Items listed in a dataset:
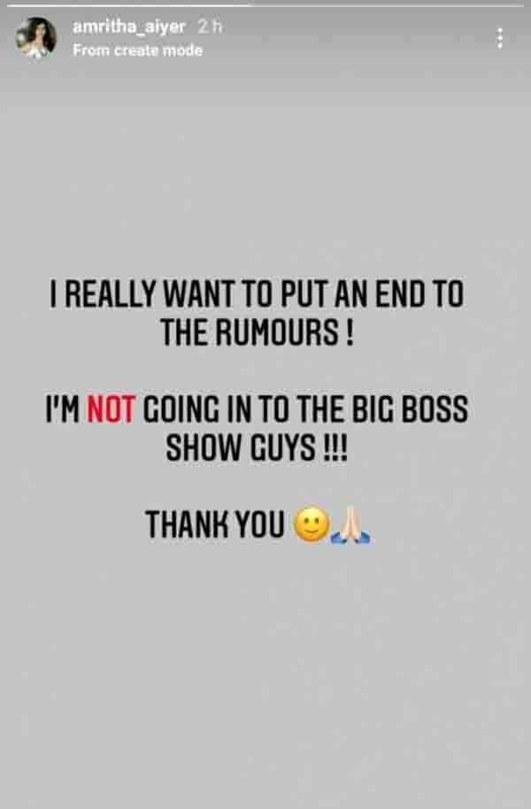 இதையடுத்து, ஏற்கனவே பிகில் படத்தில் தென்றல் கதாபாத்திரத்தில் நடித்த அமிர்தா ஐயர் பிக் பாஸில் கலந்து கொள்வதாக பல செய்திகள் வெளியானது.
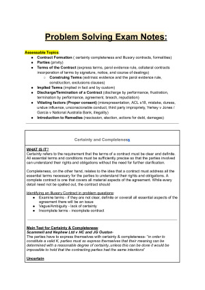 Highly detailed and structured final exam notes containing all assessable topics, relevant case law and statute where applicable. Topic Included; Contract Formation ( certainty completeness and Illusory contracts, formalities) Parties (privity) Terms of the Contract (express terms, parol evidence rule, collateral contracts incorporation of terms by signature, notice, and course of dealings) Construing Terms (extrinsic evidence and the parol evidence rule, construction, exclusions clauses) Implied Terms (implied in fact and by custom) Discharge/Termination of a Contract (discharge by performance, frustration, termination by performance, agreement, breach, repudiation) Vitiating factors (Proper consent) (misrepresentation, ACL s18, mistake, duress, undue influence, unconscionable conduct, third party impropriety, illegality) Introduction to Remedies (rescission, election, actions for debt, damages)
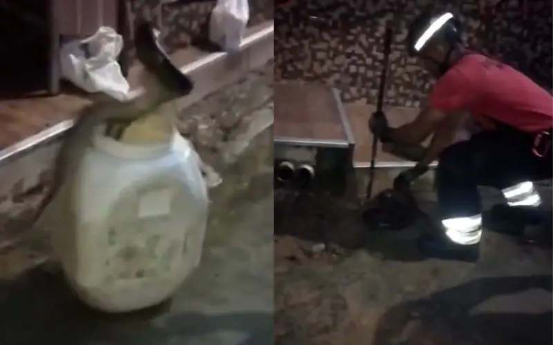 Em seguida, os militares chegaram ao local e iniciaram a captura utilizando equipamentos adequados de contenção, garantindo a segurança tanto da equipe quanto dos moradores. Durante a ação, um vídeo registrou o momento em que colocaram o animal em um recipiente apropriado, próximo ao portão da casa.
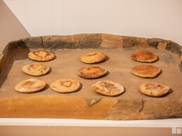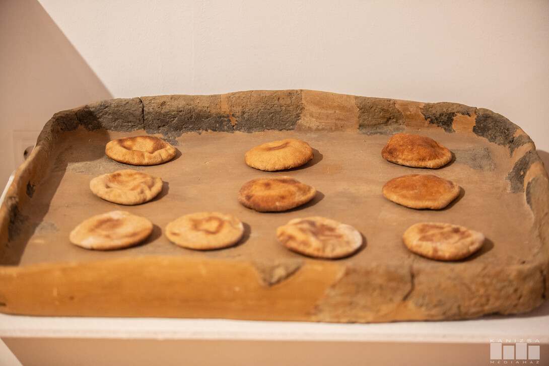 - És az, hogy kerek, mint a fánk, nyilván a legegyszerűbb sütési forma. Ha egy tésztát elnyújtunk, az mindig kör alakból indulhat. Igyekeztünk egy bronzkori tepsit – nyilván egy korabelihez hasonló lepény kenyérkékkel megtölteni, hogy mégis egy kicsit kerek világot tárjunk a látogatók elé - fogalmazott Szmodics-Tugya Beáta, a Thúry György Múzeum történész-muzeológusa.
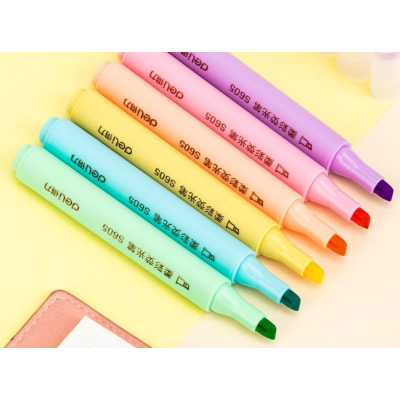 得力(deli)S605柔采三角杆荧光笔(混)(盒)

**Work request:** Print each entry exactly, leaving pictures out.

**Result below:**
 இதையடுத்து, ஏற்கனவே பிகில் படத்தில் தென்றல் கதாபாத்திரத்தில் நடித்த அமிர்தா ஐயர் பிக் பாஸில் கலந்து கொள்வதாக பல செய்திகள் வெளியானது.
 Highly detailed and structured final exam notes containing all assessable topics, relevant case law and statute where applicable. Topic Included; Contract Formation ( certainty completeness and Illusory contracts, formalities) Parties (privity) Terms of the Contract (express terms, parol evidence rule, collateral contracts incorporation of terms by signature, notice, and course of dealings) Construing Terms (extrinsic evidence and the parol evidence rule, construction, exclusions clauses) Implied Terms (implied in fact and by custom) Discharge/Termination of a Contract (discharge by performance, frustration, termination by performance, agreement, breach, repudiation) Vitiating factors (Proper consent) (misrepresentation, ACL s18, mistake, duress, undue influence, unconscionable conduct, third party impropriety, illegality) Introduction to Remedies (rescission, election, actions for debt, damages)
 Em seguida, os militares chegaram ao local e iniciaram a captura utilizando equipamentos adequados de contenção, garantindo a segurança tanto da equipe quanto dos moradores. Durante a ação, um vídeo registrou o momento em que colocaram o animal em um recipiente apropriado, próximo ao portão da casa.
 - És az, hogy kerek, mint a fánk, nyilván a legegyszerűbb sütési forma. Ha egy tésztát elnyújtunk, az mindig kör alakból indulhat. Igyekeztünk egy bronzkori tepsit – nyilván egy korabelihez hasonló lepény kenyérkékkel megtölteni, hogy mégis egy kicsit kerek világot tárjunk a látogatók elé - fogalmazott Szmodics-Tugya Beáta, a Thúry György Múzeum történész-muzeológusa.
 得力(deli)S605柔采三角杆荧光笔(混)(盒)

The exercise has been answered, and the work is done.